I spent some time today feeling like a complete failure. No, that's not quite right. I've spent some time this past week feeling like a complete failure. As a writer, that is. And a thinker, but being able to think is kind of a prerequisite for good writing, I think.

I'm reading all sorts of stuff that other people have written and are writing and I am thoroughly, completely intimidated and ashamed and frustrated and a lot of other feelings all wrapped up. Finally, the thought managed to enter my mind that, if I'm going to get any good at writing, I just have to keep doing it. And doing it. Over and over again.

So I just wrote for a few minutes on my novel. And I'm here. As for the novel, I think I may have written a phrase that won't get edited out at some point. I've also been editing old parts over the last couple or three weeks. I did at one point write some highly pornographic stuff that I knew would have to come out, in large part, so I did start to do some paring of that.

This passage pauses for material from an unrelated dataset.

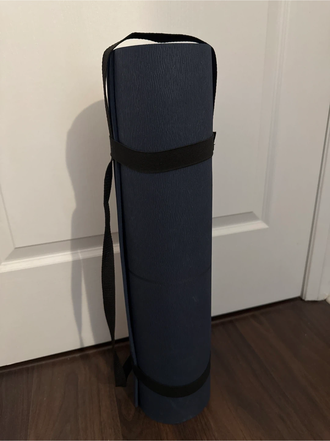 This dark blue yoga mat rolls up for easy storage and transport. It includes an elastic strap to keep it secure and a black fabric carrying strap. Textured surface for grip.

I also have to say that I'm having a horrible time with the chronology. I know what it is in my head, plus I've even written it down, but writing it in the book, that's far from there. Two of the three main characters have a history together (hence the sex) and there's a couple of marriages and some divorces and I haven't managed to write it so that it makes sense. But I keep telling myself that that's what the second draft is for.

I also really want to write some of the book in a second person's voice. And I know that's not how it's supposed to be done, but I hear her voice and it seems important to me to write it, but I don't want to lose the other character's voice, because he is the protagonist and he's who I started out writing about and I don't think I can show what happens to him without writing from his point of view, too. So this is all very experimental for me and we'll see what happens. I'm afraid that this is going to take some time.

I wish I could make a box like Steinbeck made for his editor. If I ever get an editor, she'll have to settle for lasagne or something.